If I have local access to a computer and a hammer I can also smash it. I don't even need root rights for that.
That whole campaign was so flimsy in making, so obviously wrong. Make some fancy logos, some catchy names and tell utter bullshit and hope people without technical knowledge won't grasp what's actually going on.
And have some greenscreen video takes, omfg!

Holy crap. And then this strange Viceroy stock market enterprise in the background...

Later, after tech folks are really upset, publish some lame excuses and "explain" why you informed the hardware (!) vendor just 20 h before you went disclosure with your bullshit.


Nonetheless I'd rather have no PSP at all.
I also guess that it will take fairly long for these updates to actually arrive in firmware. If at all. A lot of mainboard makers are "shy" to roll out firmware updates, probably because they have to invest (probably little) money. The boards are already sold, that's it. Unless it explodes in your face in more than 10% of boards some rarely issue updates.
And this is nothing the kernel can do; like ucode.

This is another reason why we need Libre/Coreboot!

maybe all CPU vendors should simply stop putting remote access functionality in their CPU enablement stack?

So let's say I'm your computer distributor (not even manufacturer). Let's say some 3 letter agency, or some less-than-savoury friends come and tell me to put this in your Ryzens. I just boot a USB to "root" because BIOS is unlocked and all that and put my own PSP firmware in. Then proceed to do whatever else as usual and give you the machine (possibly without an OS).

You're now hosed without a way to know it whatsoever. I can't understand why all the AMD fanboys refuse to see this gaping hole for what it is.

The "root required" is completely irrelevant.

I don't think the issue is that there is a vulnerability that has to be patched, but instead with the way this whole thing was reported, and the fact that it seems to want to paint AMD in the worst possible light. IOW, it was a hit-job.

Also, I can understand why all the Intel fanboys want to blow this out of proportion; so that everyone will stop looking at the gaping holes in current Intel CPUs (Spectre and Meltdown). See, I can turn this into an AMD vs. Intel fanboy argument too.

Your scenario can happen with or without these "vulnerabilities", and no matter what the CPU vendor is. If one of the three letter agencies want to bug a machine, they'll bug a machine, plain and simple.

It's absolutely relevant. The fact is -anyone- can boot -any- LiveUSB to -any- computer -anyway-. Period. That's kinda the whole point of LiveUSB's, so that users -can- get that highest tier of access. It's not a security hole if it's a root user. Now if that root user wants to rip off his customers then he can, but is his own damn fault and he can do it with or without this.

Then they will loose market share to the other CPU vendor who still puts in remote access functionality.

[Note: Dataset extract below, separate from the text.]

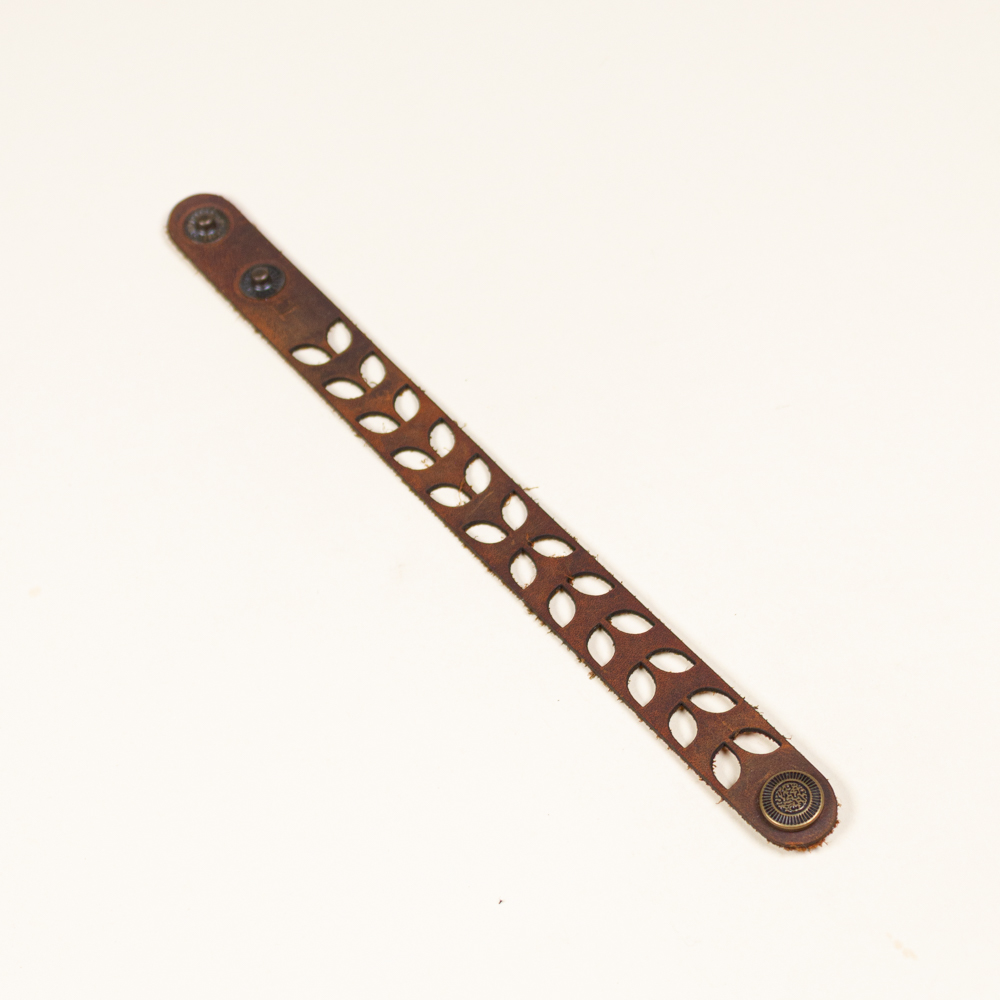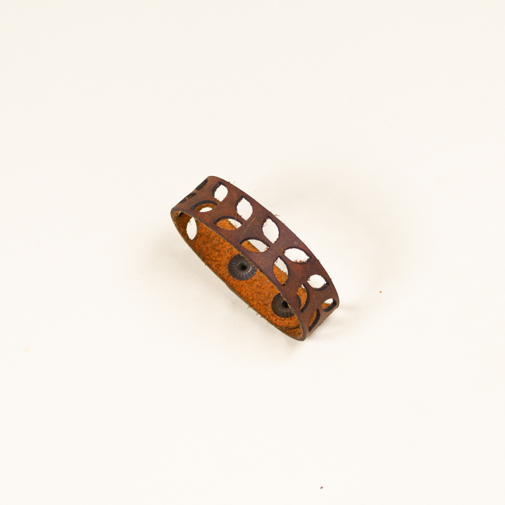 This striking leather bracelet is crafted from laser-cut full-grain leather, eco-tanned to ensure lasting color and flexibility. Inspired by nature motifs, its organic shape brings a bold yet lightweight statement to any outfit. Finished with a brass bottoms, it’s designed for both durability and elegance — ideal for sensitive skin and everyday wear. A unique accessory that blends nature, craftsmanship, and contemporary design.

This is not added by Intel and AMD in order to be evil, they put it there because it's a wanted feature by big corporate it departments so that they can more easily administrate the entire companies computers.

I don't think that we will see these features disable in the near future. For one it's a highly sought after feature by a large portion of Intels and AMDs large customers. And secondly these subsystems handle various things that are needed (boot, setup of various motherboard and cpu systems and so on) so they cannot be selectively disabled either, i.e they are built in so hard that they are needed in order to use the CPU at all.

Enterprises don’t give a crap about security related firmware updates. They only care about “drama queen” cases like Adobe, Windows, Java. They don’t even update their network edge devices, VPNs, which is pretty dangerous. D-link even got sued by the FTC for their devil may care attitude towards updates.

Easy solution: sell these big corporate IT departments something different from what you sell to the regular public.

There were some legit vulnerabilities though, not anywhere near as bad as they made it look like, but it makes sense to publish updated firmwares for that.